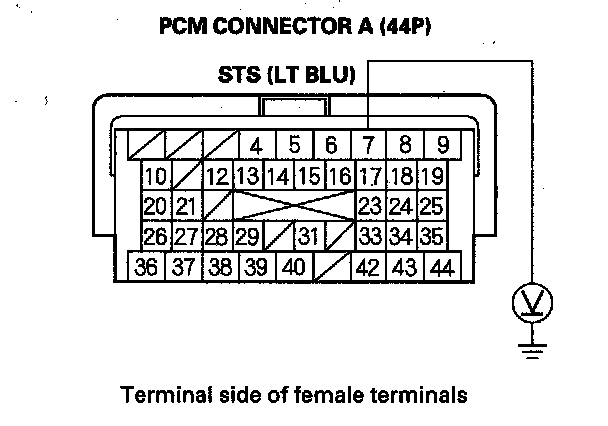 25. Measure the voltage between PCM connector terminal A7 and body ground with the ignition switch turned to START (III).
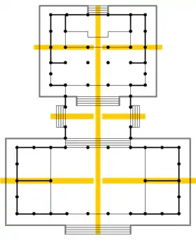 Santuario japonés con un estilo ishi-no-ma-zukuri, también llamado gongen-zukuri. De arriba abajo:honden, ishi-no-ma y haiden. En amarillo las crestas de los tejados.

##############################

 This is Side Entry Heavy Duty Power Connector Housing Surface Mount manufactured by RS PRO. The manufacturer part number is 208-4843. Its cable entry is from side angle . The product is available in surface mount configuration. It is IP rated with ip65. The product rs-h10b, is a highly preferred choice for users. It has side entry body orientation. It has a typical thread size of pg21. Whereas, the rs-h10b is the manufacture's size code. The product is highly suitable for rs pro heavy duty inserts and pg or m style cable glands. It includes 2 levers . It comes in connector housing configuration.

##############################

**What to work on**
Everything above from the line containing "25. Measure the" through the line containing "Santuario japonés con" must be repeated exactly, and the pictures must be left out.

**Answer for the task**
 25. Measure the voltage between PCM connector terminal A7 and body ground with the ignition switch turned to START (III).
 Santuario japonés con un estilo ishi-no-ma-zukuri, también llamado gongen-zukuri. De arriba abajo:honden, ishi-no-ma y haiden. En amarillo las crestas de los tejados.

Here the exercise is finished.